To obtain the allele-based copy number view, the members of each group are rearranged in the genetic order and plotted as shown in Fig. 5 (middle).

Copy number inference. Although compensation for difference in PCR conditions and optimization of the reference significantly reduce the deviation of log 2 ratios, further elimination of random noise greatly helps visualization of copy numbers along the chromosomes and efficient detection of copy number alterations. In “local mean analysis,” the sequence of the mean log 2 ratios,

\(^{c}\mathit{{\bar{{\Lambda}}}_{i,k}}^{test,\ REF}\ =\ 1/\mathit{k}\ {\sum}_{\mathit{i}}^{\mathit{i}+\mathit{k}{-}1\ c}\mathit{{\Lambda}_{i}}^{test,\ REF}\)
⁠, is calculated, where k is the number of terms to be averaged and arbitrarily set to 3 to 10, according to the SD values after compensations of log 2 ratios and optimization of nonreferences for diploid SNPs. In the alternative analysis using a hidden Markov model (21), the inference of copy number is more efficient and automated, in which a real state of the copy number sequence (a hidden state) along a chromosome is inferred from the observed sequence cΛitest, REF as the state of maximum likelihood that is calculated from the state transition load and the probability of the hidden state to “emit” the observed sequence of log 2 ratios, using the Viterbi algorithm. We assumed that copy number change (state transition) is the result of a genetic recombination event between the two adjacent SNP loci, and Kosambi's map function (1/2)tanh(2𝛉) is used to transform the genomic distance, or recombination fraction between the two SNPs (𝛉) to state “transition probability,” where 𝛉 is expressed in cM units; for simplicity, 1 cM should be 1 Mbp. The observed log 2 ratio is assumed to follow the normal distribution according to real copy number states, which gives the “emission probability.” The variables of normal distribution were empirically determined from the experimental data (Supplementary Methods).

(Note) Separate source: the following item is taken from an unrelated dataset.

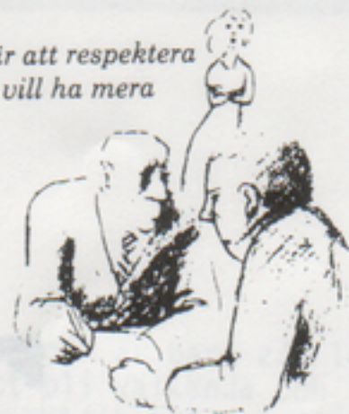
Ur tidningen Personal männikor och arbete 1983

Förhandling är att respektera också andra vill ha mera

Comparison and confirmation of the results. CNAT was executed following the instructions of the suppliers. For proper comparison with our system, log 2–converted values of the Genome Smoothed Analysis Copy Number (GSA_CN) were compared. FISH analyses were done as previously described (13). Probe information used in FISH analysis is supplied in Supplementary Table 1. PCR primers were designed to amplify several adjacent fragments that are within and outside of the homozygously deleted regions in tumor samples. Primers and PCR conditions are provided in Supplementary Table 2.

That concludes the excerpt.